Ich fahre einen DF60A ist ja der selbe Motor wie der 40 ps ( bloß offen ) und bin sehr zufrieden damit #6 Sparsamer im Verbrauch geht es wohl fast nicht mehr und die ruhige Laufkultur ist auch Bombe ...
man hört und liest über jeden Motortyp gutes und schlechtes |kopfkrat
letztlich ist es ne Glaubens Frage :m und Vor allem vom Service.....


----------



## volkerm (14. März 2016)

*AW: Evinrude Etec oder Suzuki*

Der Zweitakter hat aufgrund seines Funktionsprinzips mehr Drehmoment und ein aggressiveres Ansprechverhalten als ein Viertakt- Sauger.


----------



## pat700toc (14. März 2016)

*AW: Evinrude Etec oder Suzuki*



volkerm schrieb:


> Der Zweitakter hat aufgrund seines Funktionsprinzips mehr Drehmoment und ein aggressiveres Ansprechverhalten als ein Viertakt- Sauger.
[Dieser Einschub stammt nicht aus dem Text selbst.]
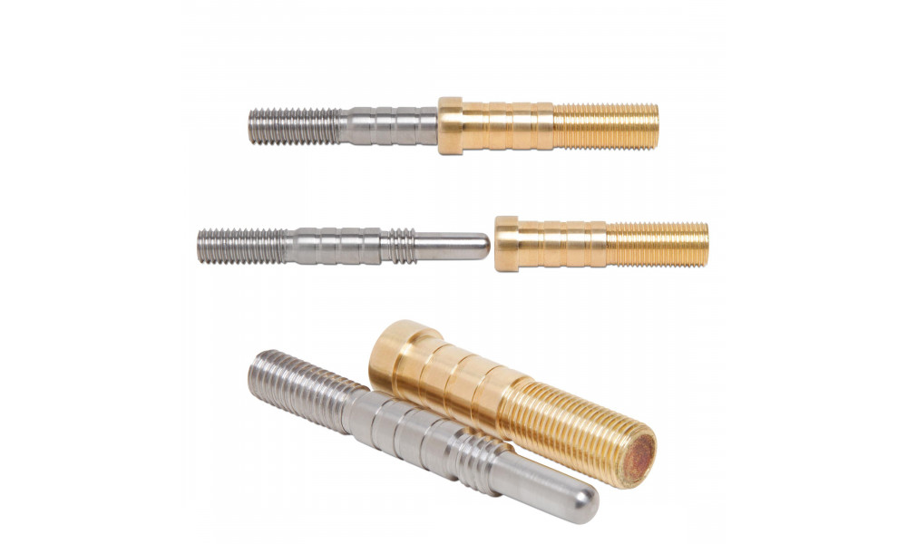 Посадка соединения в кий осуществляется при помощи резьбы (мама М10, шаг 1; папа М8, шаг 1,25). Центровка в древесине происходит за счет направляющих перед резьбой и держится за счет клеевых канавок и резьбы.

So ist es. Ich kann es bestätigen! Mein 30iger hat einen neuen 40iger Yamaha liegen lassen. Aber sowas von.

Gesendet von meinem SM-G920F mit Tapatalk


----------



## Dorschbremse (14. März 2016)

*AW: Evinrude Etec oder Suzuki*



pat700toc schrieb:


> So ist es. Ich kann es bestätigen! Mein 30iger hat einen neuen 40iger Yamaha liegen lassen. Aber sowas von.
> 
> Gesendet von meinem SM-G920F mit Tapatalk



Am gleichen Boot? Mit einer aufs Boot abgestimmten Schraube? 

Wer einfach den Standardprop drauflässt,  vermiest sich einiges 

Zur Ursprungsfrage- Ich würde es vom Servicenetz / der Werkstatt abhängig machen,  welchen Motor ich anschaffe. In dieser PS - Klasse kann man noch nicht Performanceverlust im direkten Vergleich sprechen,  eher von geringfügigen Unterschieden. 
Zuverlässig sind im Prinzip beide.

Der Hinweis zur Ölklasse TCW3 stimmt nicht bei allen Etec- Modellen - manche benötigen ein spezielles Öl nach Freigabe (ich glaube XD100)


----------



## Chips (14. März 2016)

*AW: Evinrude Etec oder Suzuki*

Hallo,

habe mir letztes Jahr einen neuen 70 PS Suzi gekauft, war im 
Sommer 3 Wochen mit in Norge, ist gut gelaufen und sparsam.

Nach 2 Wochen ging der Motor aber am schalthebel nicht mehr runterzutrimmen, musste immer ins Heck und direkt am Motor
auf den Knopf drücken.

Nach dem Urlaub zur Erstwartung in die Werkstatt und die fehlende Trimmung bemängelt, der Meister drückt auf den Knopf am Schalthebel und.......der Motor trimmt runter,
funktioniert wieder.
Aber ein blödes Gefühl bleibt doch.

Ansonsten bin ich von der neuen Multtifunktionsanzeige beim
Suzuki begeistert, ist wie beim Bordcomputer im Auto.

Fahrtzeit, Verbrauch (l/h) und Tagesgesamtverbrauch in Litern. Sehr interessant#6.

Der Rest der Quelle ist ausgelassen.